The Supreme Court is granting the Trump administration’s request to more strictly enforce its ban on refugees, at least until a federal appeals court weighs in.

But the justices are leaving in place a lower court order that makes it easier for travelers from six mostly Muslim countries to enter the United States.

The high court acted Wednesday on the administration’s appeal of last week’s ruling by U.S. District Judge Derrick Watson that required the government to allow in refugees formally working with a resettlement agency in the United States.
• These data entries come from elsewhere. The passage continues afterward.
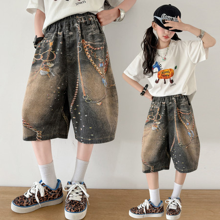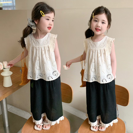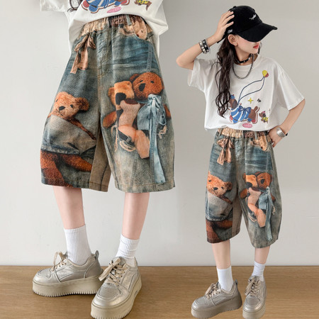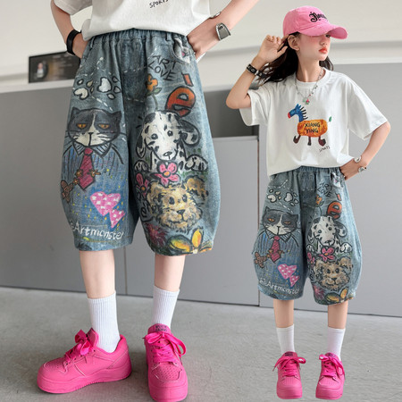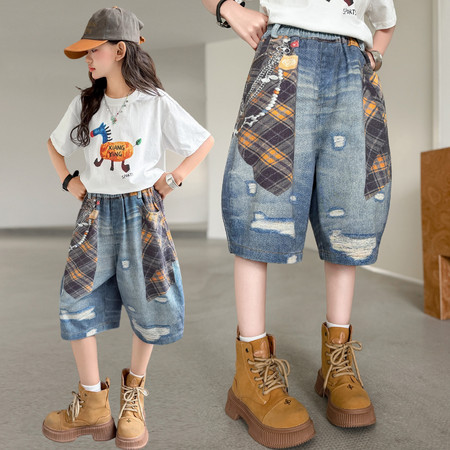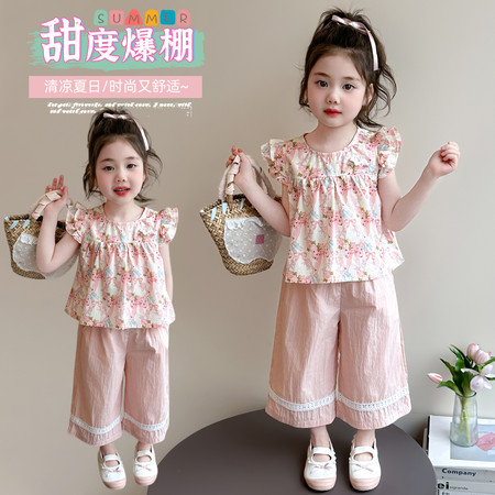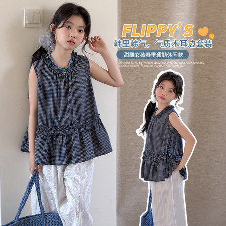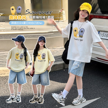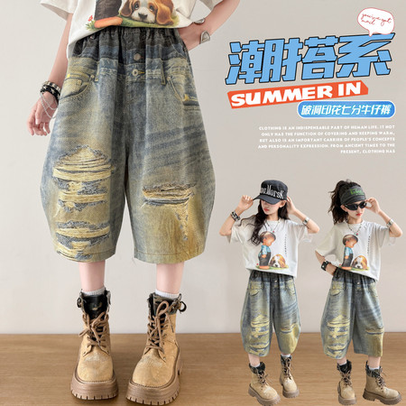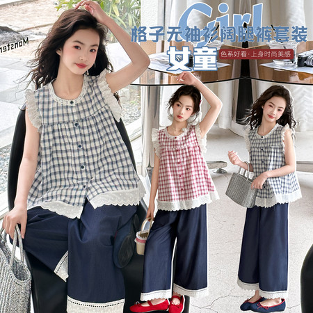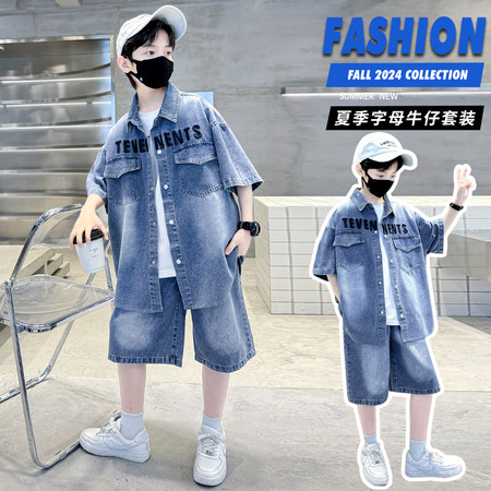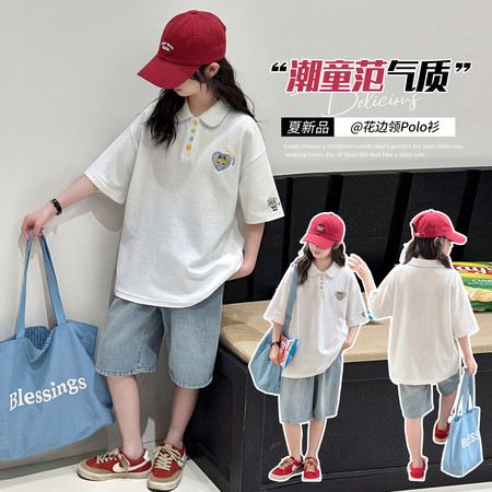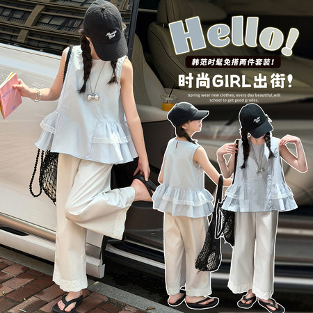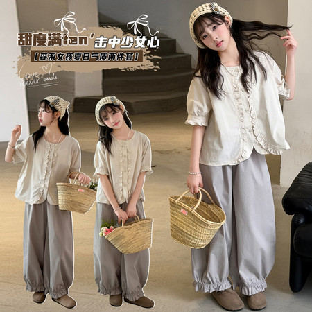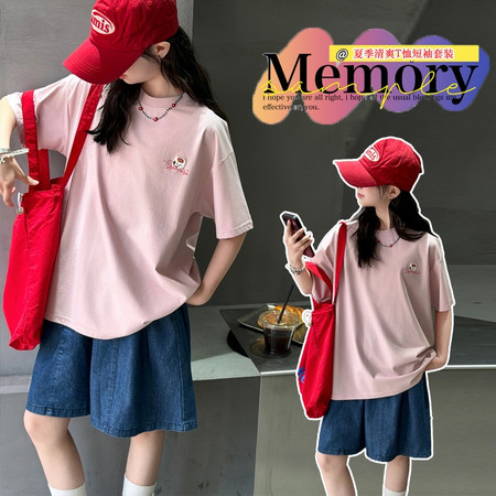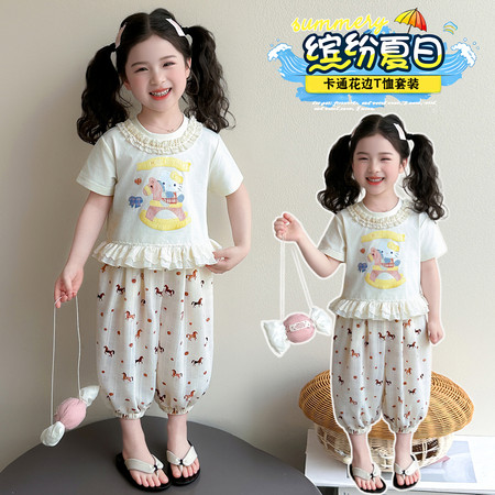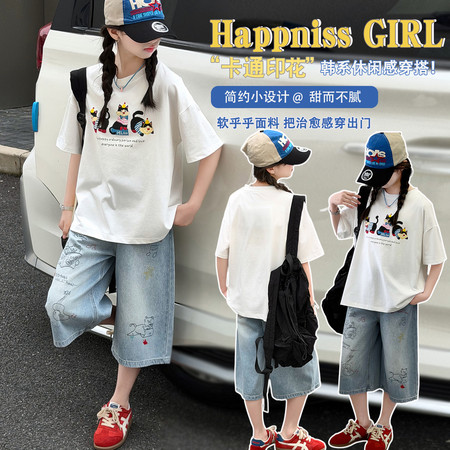 韩菓儿(甜心班纳)&A26025款刺绣花边牛仔裤套装
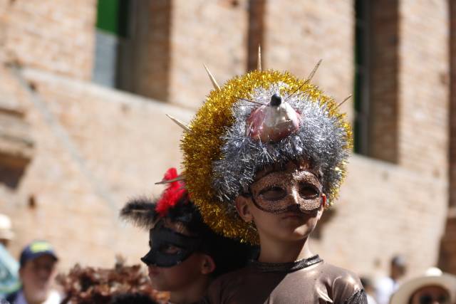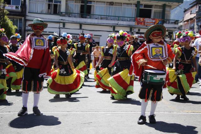 “¡Cuadrillas listas que vamos a empezar!”, se escuchó justo a las 11:26 de la mañana a un costado de la Plaza San Sebastián en Riosucio. Era Jhon Grisales, de la logística del desfile, quien pertenece a la colonia de Medellín. A esa hora ya se formaba una fila de más de una cuadra, repleta de pequeños maquillados, con antifaces y disfraces, preparados para caminar por las calles al son de sus letras y ritmos.
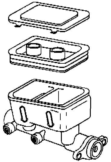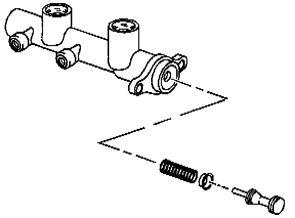 DISASSEMBLY PROCEDURENotice: Do not hone the master cylinder bore. When the brake master cylinder is overhauled, it is recommended that the cylinder body be replaced rather than CLEANED UP by honing the bore. The master cylinder has a hard, highly polished BEARINGIZED surface, which is produced by diamond boring followed by ball or roller burnishing under heavy pressure. Honing will destroy this hard smooth surface and cause rapid wear of the rubber cups.

Watson also vastly expanded the family relations that refugees and visitors can use to get into the country.

The justices said the federal appeals court in San Francisco should now consider the appeal.

That was written in a positive way.

Here’s what Reuter’s wrote, which is much more negative:

The U.S. Supreme Court rejected on Wednesday a bid by President Donald Trump to block a judge’s ruling that prevented his travel ban on people from six Muslim-majority countries from being applied to grandparents of U.S. citizens.

But in a partial win for Trump, the court put on hold part of the judge’s ruling that would allow more people to enter the United States under a separate ban on refugees if it went into effect.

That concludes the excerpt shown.